Dr.-Ing. E.h. Frank Asbeck, Vorstandsvorsitzender

SolarWorld ist aus dem Nachhaltigkeitsgedanken heraus entstanden. Da ist es für uns selbstverständlich, dass wir die CEO-Kampagne unterstützen. Recyclingpapier ist inzwischen eine ernstzunehmende Alternative und erfüllt dieselben Standards wie herkömmliches Papier.

Für den international agierenden Solarstromtechnologiekonzern sind mehr als 3.000 Menschen tätig. Der Unternehmenssitz befindet sich im sächsischen Freiberg

  1. Warum beteiligen Sie sich persönlich an der bundesweiten CEO-Kampagne?

    Wir prüfen regelmäßig, was wir als SolarWorld selbst noch tun können, um Ressourcen zu schonen. Was machbar ist, das machen wir auch. Die Umstellung auf Recyclingpapier mit dem Blauen Engel war so etwas. Recyclingpapier ist inzwischen eine ernstzunehmende Alternative und erfüllt dieselben Standards wie herkömmliches Papier.

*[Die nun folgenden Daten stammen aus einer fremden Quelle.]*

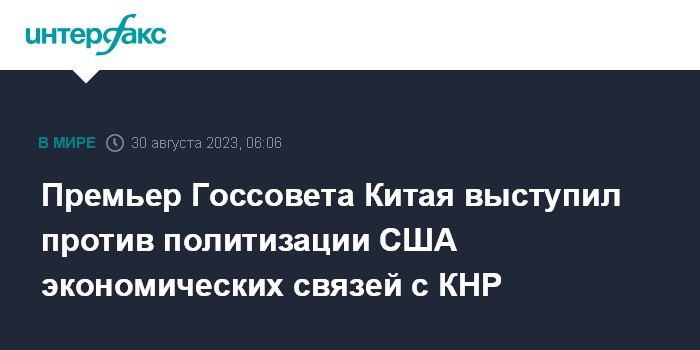 Москва. 30 августа. INTERFAX.RU - Премьер Госсовета Китая Ли Цян предупредил, что чрезмерная политизация Вашингтоном экономических связей с Китаем, выпячивание проблем нацбезопасности чреваты катастрофическими последствиями для мировой экономики, сообщило министерство коммерции КНР.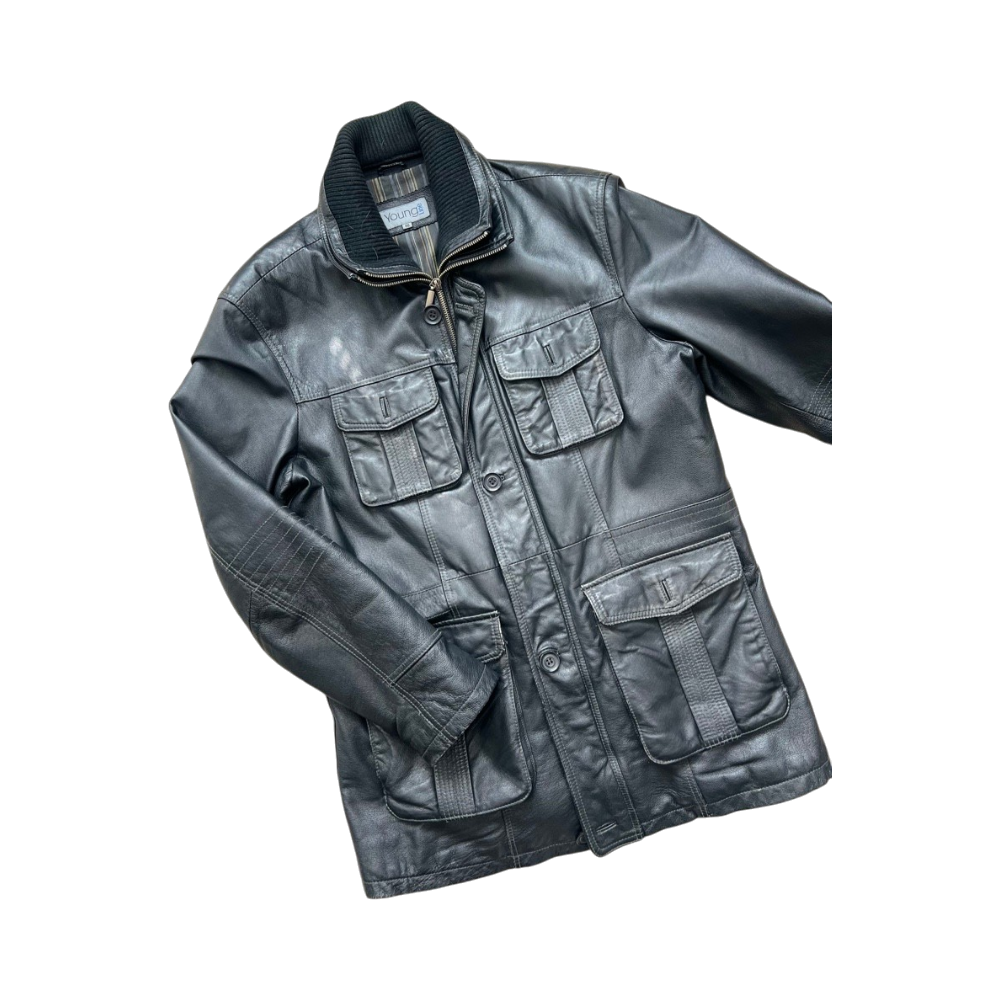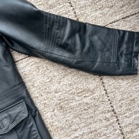 Miesten siistikuntoinen nahkatakki, koko 48. Edessä irrotettava lisävetoketjullinen osa. Pituus 77cm ja kai kai mitta noin 58cm. Sopii myös unisex mallina

Dass Recyclingpapier Staub produziert und Drucker kaputt macht, ist genauso falsch, wie die Annahme, dass Solarmodule weniger Energie erzeugen als für ihre Herstellung gebraucht wird.

  2. Warum ist Ihnen die Nutzung von Recyclingpapier ein wichtiges Anliegen?

    SolarWorld ist aus dem Nachhaltigkeitsgedanken heraus entstanden. Da ist es für uns selbstverständlich, dass wir die CEO-Kampagne unterstützen. Mit unseren Solarstromsystemen wollen wir weltweit eine nachhaltige und ressourcenschonende Energieversorgung vorantreiben. Dafür müssen wir aber auch an kleinen Stellschrauben in unserem eigenen Unternehmen drehen. Letztendlich zählt zum Ressourcenschutz mehr als nur der nachhaltige Umgang mit Energie.

  3. Wie ist das Thema Ressourcenschutz in Ihrem Unternehmen verankert?

    Über die gesamte Lieferkette betrachtet, spielt der Ressourcenschutz bei uns eine sehr große Rolle. In einem Wettbewerb, wie ihn die Solarbranche erlebt, muss man sich beweisen und da zählt ein überdurchschnittlich gutes Umweltmanagement. Bei SolarWorld können sich unsere Kunden darauf verlassen, dass sie ein grünes Produkt erwerben, das auch wirklich grün hergestellt wurde. Ein Anspruch, den wir konsequent an uns selber stellen.

  4. Welches Ziel haben Sie sich für mehr Ressourceneffizienz gesetzt?

    Wir setzen uns intern in regelmäßigen Abständen neue Ziele, etwa beim Energie- und Wasserverbrauch oder was die Reduktion von Abfall und Abwässern betrifft. Derzeit prüfen wir beispielsweise unseren Fuhrpark in Deutschland und stellen Prozesse entsprechend um. Es sind auf den ersten Blick nur Kleinigkeiten, aber in Summe macht das viel aus. Was wir uns genau vornehmen, steht in unserer Nachhaltigkeitsstrategie. Über die Umsetzung berichten wir jährlich im Rahmen der Initiative „Utopia Changemaker“.